Details

    Description

      (The upstream task is: https://github.com/facebook/mysql-5.6/issues/800 )

      Notes about how to use PerconaFT:

      1. Data structures
      1.1 A Global Lock Tree Manager object
      1.2 A separate Lock Tree for each table
      1.3 Each transaction keeps a track of ranges it is holding locks
      2. Functions
      2.1 Initializing the Lock Manager
      2.2 Create Lock Tree for a table
      2.3 Getting a lock
      2.4 Releasing a lock.
      2.5 Releasing all of the transaction's locks

      1. Data structures

      1.1 A Global Lock Tree Manager object

      There needs to be a global locktree_manager.

      See PerconaFT/src/ydb-internal.h,

        struct __toku_db_env_internal {
          toku::locktree_manager ltm;
      

      1.2 A separate Lock Tree for each table

      TokuDB uses a separate Lock Tree for each table db->i->lt.

      1.3 Each transaction keeps a track of ranges it is holding locks

      Each transaction has a list of ranges that it is holding locks on. It is referred to like so

        db_txn_struct_i(txn)->lt_map
      

      and is stored in this structure, together with a mutex to protect it:

        struct __toku_db_txn_internal {
            // maps a locktree to a buffer of key ranges that are locked.
            // it is protected by the txn_mutex, so hot indexing and a client
            // thread can concurrently operate on this txn.
            toku::omt<txn_lt_key_ranges> lt_map;
            toku_mutex_t txn_mutex;
      

      The mutex is there, because the list may be modified by the lock escalation process (which may be invoked from a different thread).
      (See toku_txn_destroy for how to free this)

      2. Functions

      Most functions that are mentioned here are from storage/tokudb/PerconaFT/src/, ydb_txn.cc, ydb_row_lock.cc - this is TokuDB's layer above the Lock Tree.

      2.1 Initializing the Lock Manager

      TODO

      2.2 Create Lock Tree for a table

      TokuDB does it when it opens a table's table_share. It is done like so:

              db->i->lt = db->dbenv->i->ltm.get_lt(db->i->dict_id,
                                                   toku_ft_get_comparator(db->i->ft_handle),
                                                   &on_create_extra);
      

      Then, one needs to release it:

      db->dbenv->i->ltm.release_lt(db->i->lt);
      

      after the last release_lt call, the Lock Tree will be deleted (it is guaranteed to be empty).

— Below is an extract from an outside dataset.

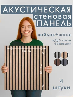 Акустическая панель 4шт. 60х60х0,8см черный войлок, шпон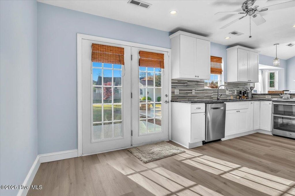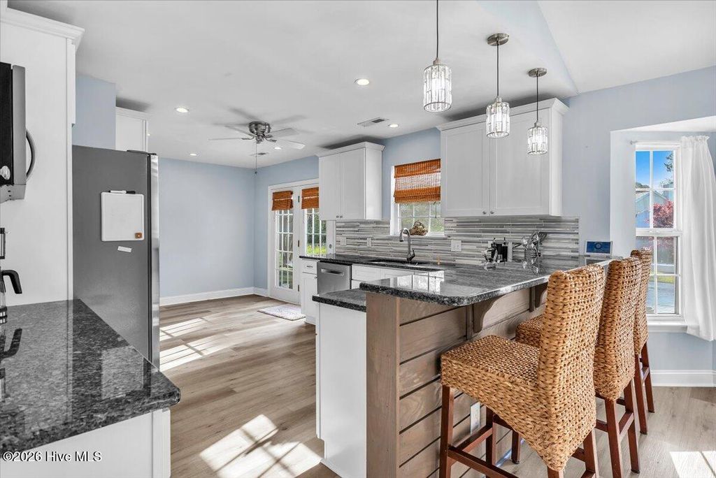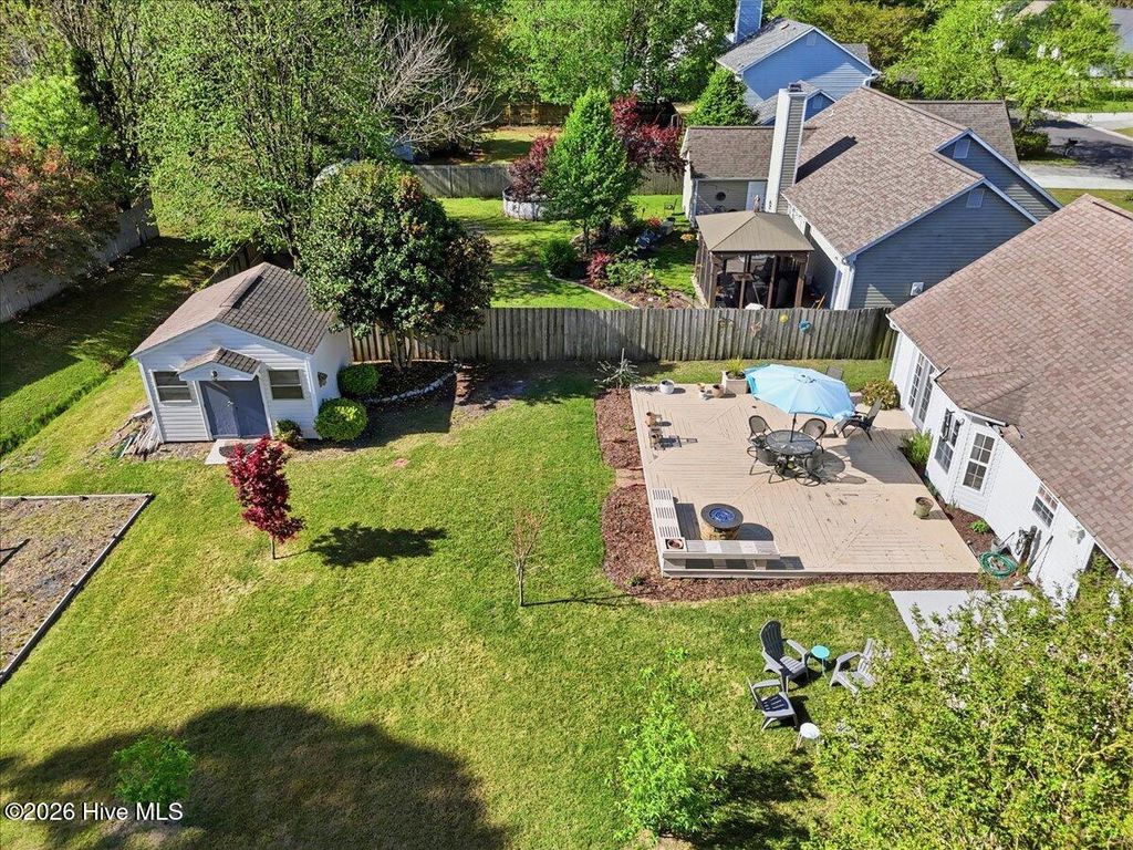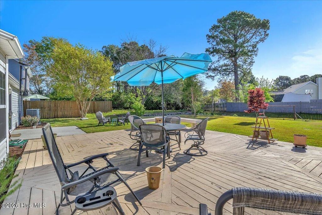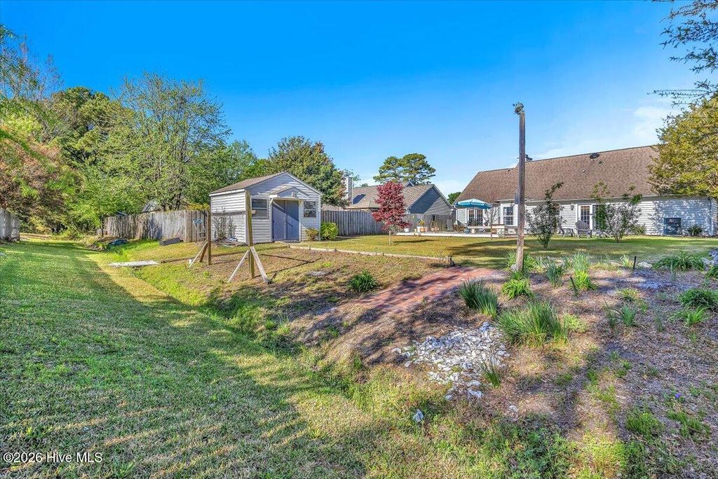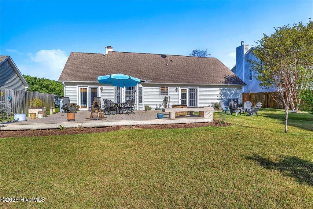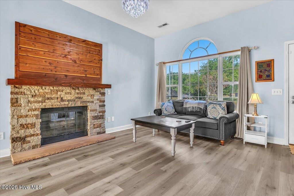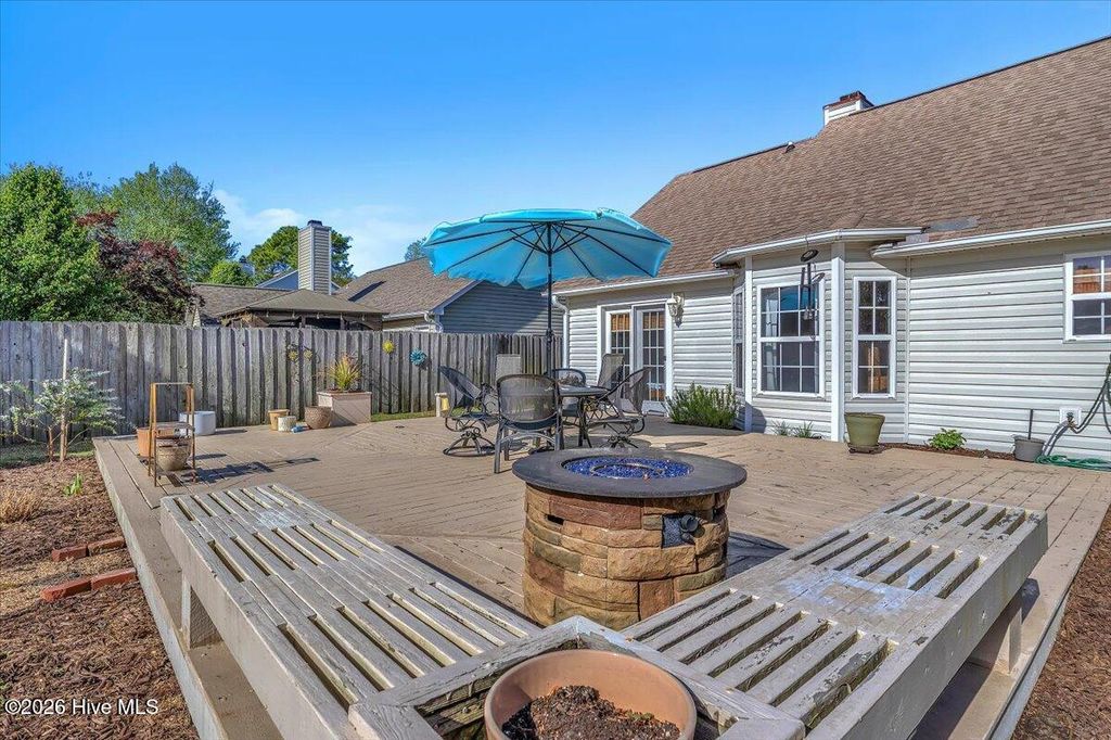 Welcome to The Shannon II, a charming Bill Clark home in Wilmington offering easy one-level living with 3 bedrooms and 2 baths. This move-in ready home features new luxury vinyl plank flooring, fresh paint, and updated lighting, creating a bright and modern feel throughout. The open-concept kitchen and dining area include granite countertops, ample cabinetry, and a convenient bar top--perfect for entertaining or casual meals. The inviting living room features a cozy propane fireplace with a cedar-style mantel and cultured stone surround. The spacious primary suite offers a walk-in closet and walk-in shower for everyday comfort. Step outside to enjoy a large backyard with both a patio and wood deck--ideal for outdoor living. The property also includes peach trees and a 14x14 wired workshop, perfect for hobbies, storage, or a home workspace. Located just minutes from shopping, dining, and area beaches, this well-maintained home combines comfort, convenience, and charm. No HOA

      (TODO: this is easy to arrange if Toku locks are invoked from MyRocks level. But if they are invoked from RocksDB, this is harder as RocksDB doesn't have any concept of tables or indexes. For start, we can pretend all keys are in one table)

      2.3 Getting a lock

      This function has an example:

      // Get a range lock.
      // Return when the range lock is acquired or the default lock tree timeout has expired.
      int toku_db_get_range_lock(DB *db, DB_TXN *txn, const DBT *left_key, const DBT *right_key,
              toku::lock_request::type lock_type) {
      

      It is also possible to start an asynchronous lock request and then wait for it (see toku_db_start_range_lock, toku_db_wait_range_lock). We don't have a use for this it seems

      Point locks are obtained by passing the same key as left_key and right_key.

      2.4 Releasing a lock.

      TokuDB doesn't seem to release individual locks (all locks are held until transaction either commits or is aborted).

      LockTree has a function to release locks from a specified range:

      locktree::release_locks(TXNID txnid, const range_buffer *ranges)
      

      Besides calling that, one will need to

      • wake up all waiting lock requests. release_locks doesn't wake them up. There is toku::lock_request::retry_all_lock_requests call which retries all pending requests (Which doesn't seem to be efficient... but maybe it is ok?)
      • Remove the released lock from the list of locks it is holding (which is in db_txn_struct_i(txn)->lt_map). This is actually not essential because that list is only used for the purpose of releasing the locks when the transaction is finished.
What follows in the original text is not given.